Pour l’Espagne, la stratégie globale d’influence de l’Union doit être celle du
renforcement du lien transatlantique et non pas celle de la rupture avec l’Amérique.

Gustavo de Aristegui regrette que la diplomatie des pays de l’Union ne cherche pas
plus à se rapprocher, à promouvoir et à collaborer avec les milieux européistes
américains. Selon lui, l’unilatéralisme de l’administration Bush, c’est aussi
l’incapacité européenne de trouver des alliés dans l’establishment américain,
capable d’influence dans les décisions politiques de Washington.

La diplomatie espagnole a ainsi développé tout au long de la crise irakienne, des
relations privilégiées avec le parti américain favorable au développement du lien
transatlantique – la ligne Powell -, parmi lesquels on retrouve le sénateur de
Pennsylvanie Bill Frist, Thomas Friedman, chroniqueur du New York Times, Greg
Kennedy du King’s College, David Phillips du think tank Center for Strategic and
International Study, ou Jacques Bertrand du Toronto University.
Pour Gustavo de Aristegui, la rupture du lien transatlantique dans la crise irakienne
a été une des causes de l’échec de la politique de stabilisation en Irak. Selon lui, il
manque aujourd’hui aux Américains pour réussir le savoir-faire européen en matière
de « Nation Building ».

    ¾ Savoir écouter l’Espagne : pour un arbitrage transatlantique au Moyen
       Orient.
L’Espagne d’Aznar est plus que jamais dans l’Europe, et veut à sa manière
contribuer au rayonnement de la puissance continentale. Mais comme l’Italie,
l’Espagne se sent trop souvent isolée et dévalorisée par le couple franco-allemand.
Pour Gustavo de Aristegui, les axes n’existent pas en Europe et ne doivent pas
exister.

Vis-à-vis de la France ces deux pays sont dans une situation paradoxale : une très
grande proximité commerciale et culturelle, mais une alliance industrielle et politique
dont les développements sont limités par l’image de repoussoir véhiculée par le
couple franco-allemand.

Le moteur franco-allemand sera d’autant plus efficace qu’il suscitera l’adhésion de
l’Europe du Sud, en évitant toute opposition frontale. Il est dans l’intérêt de la France
qu’au moment où une nouvelle union se prépare avec l’Allemagne, soit mise en
place parallèlement, une véritable stratégie de partenariat politique sur le long terme
avec la péninsule ibérique et la péninsule italienne.

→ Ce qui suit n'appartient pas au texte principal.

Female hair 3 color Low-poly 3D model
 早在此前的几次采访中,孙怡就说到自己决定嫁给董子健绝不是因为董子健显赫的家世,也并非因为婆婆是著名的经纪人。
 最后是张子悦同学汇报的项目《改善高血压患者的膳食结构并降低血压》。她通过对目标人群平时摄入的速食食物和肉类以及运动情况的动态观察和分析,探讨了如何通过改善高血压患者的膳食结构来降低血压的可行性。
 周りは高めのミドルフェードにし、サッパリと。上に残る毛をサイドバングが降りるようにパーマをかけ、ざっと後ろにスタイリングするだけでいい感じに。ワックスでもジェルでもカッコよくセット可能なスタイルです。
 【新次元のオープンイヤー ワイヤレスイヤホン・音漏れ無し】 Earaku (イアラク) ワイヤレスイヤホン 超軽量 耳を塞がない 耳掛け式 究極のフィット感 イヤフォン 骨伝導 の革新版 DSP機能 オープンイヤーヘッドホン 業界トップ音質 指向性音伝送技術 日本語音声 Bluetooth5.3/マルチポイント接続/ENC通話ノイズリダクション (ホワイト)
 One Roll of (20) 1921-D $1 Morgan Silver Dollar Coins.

L’assouplissement du pacte de stabilité, entériné le 23 novembre dernier s’est fait
avec l’appui de l’Italie, plus disposée que l’Espagne à s’associer à la dynamique
politique franco-allemande. Ce résultat a été obtenu, en particulier, grâce aux liens
d’intérêt commun qu’ont su construire Giulio Tremonti et Francis Mer, respectivement
ministres des finances italien et français.

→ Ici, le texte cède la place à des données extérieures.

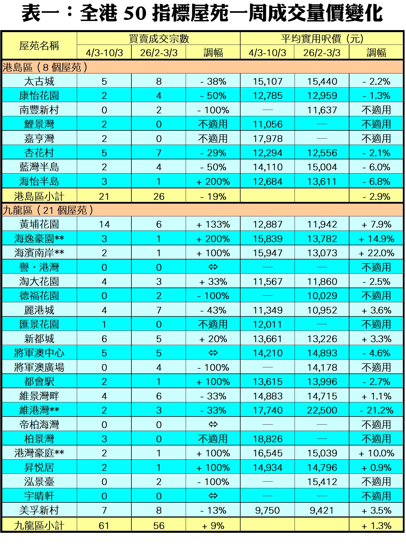 至於,港島區8個指標屋苑上周共錄21宗成交,較前周的26宗減少19%,其中康怡花園及藍灣半島各自錄得2宗買賣,按周分別減少50%;藍籌屋苑太古城成交量由前周的8宗,減少38%至上周的5宗;杏花村期內錄得5宗交投,較前周的7宗減少29%。此外,在全港50個指標屋苑之中,上周共有9個屋苑錄得「零成交」,較前周的13個減少31%,當中九龍區及新界區分別佔6個及2個屋苑,港島區則佔1個(詳見表一)。
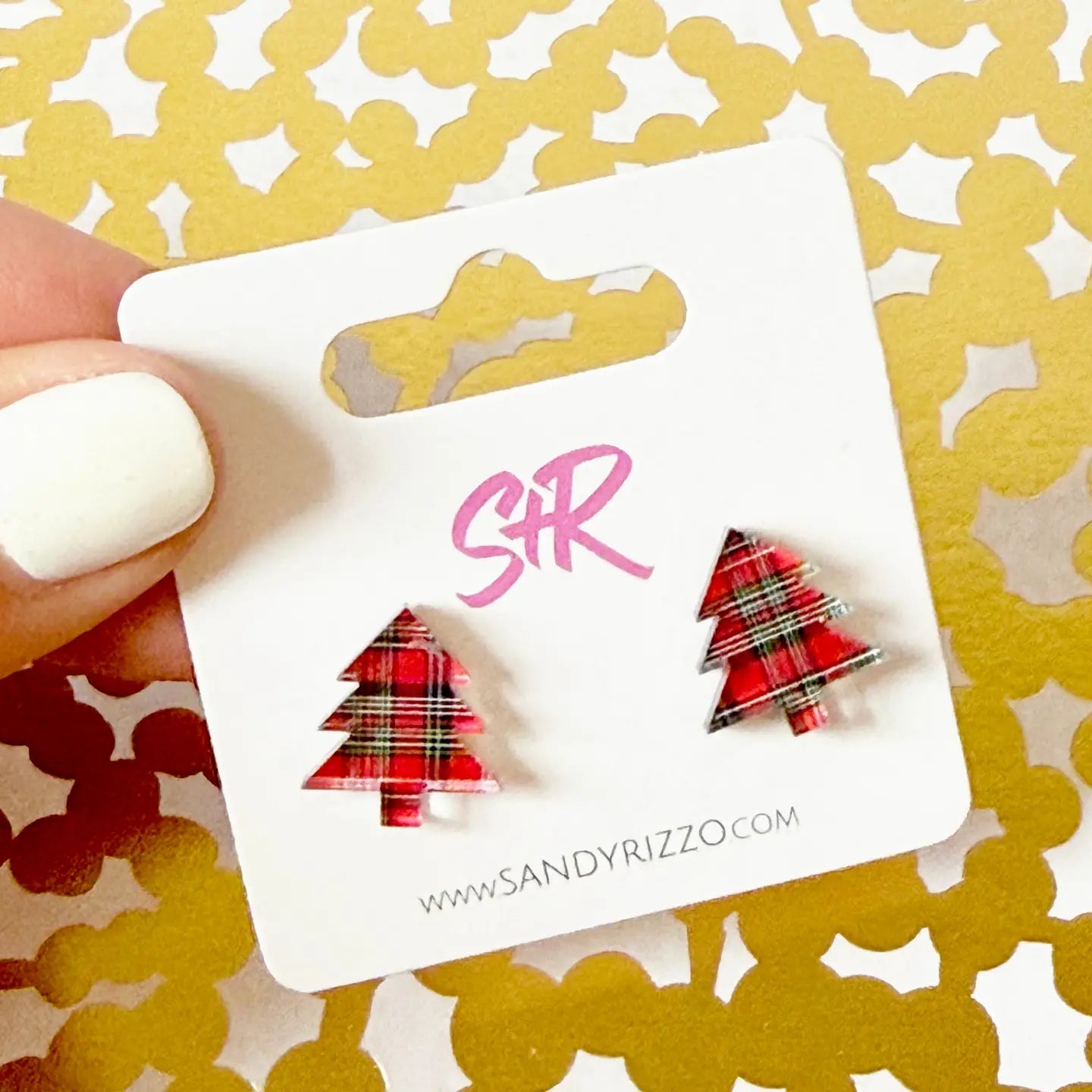 Acrylic Christmas Tree Stud Earring in Red Plaid by: Sandy + Rizzo

Avec l’Espagne, la France a surmonté ses désaccord liés à la guerre d’Irak et à la
réforme des institutions européennes dans le domaine de la sécurité. Les accords de
la Baule du 13 octobre dernier ont montré que le couple franco-allemand peut aussi
susciter l’adhésion de l’Espagne (et de l’Angleterre). Dans cette perspective, le
rapprochement franco-espagnol est possible Si la France sait écouter l’Espagne, il y
a entre Paris et Madrid une force potentielle de proposition commune pour favoriser
l’émergence d’une solution transatlantique au Moyen Orient.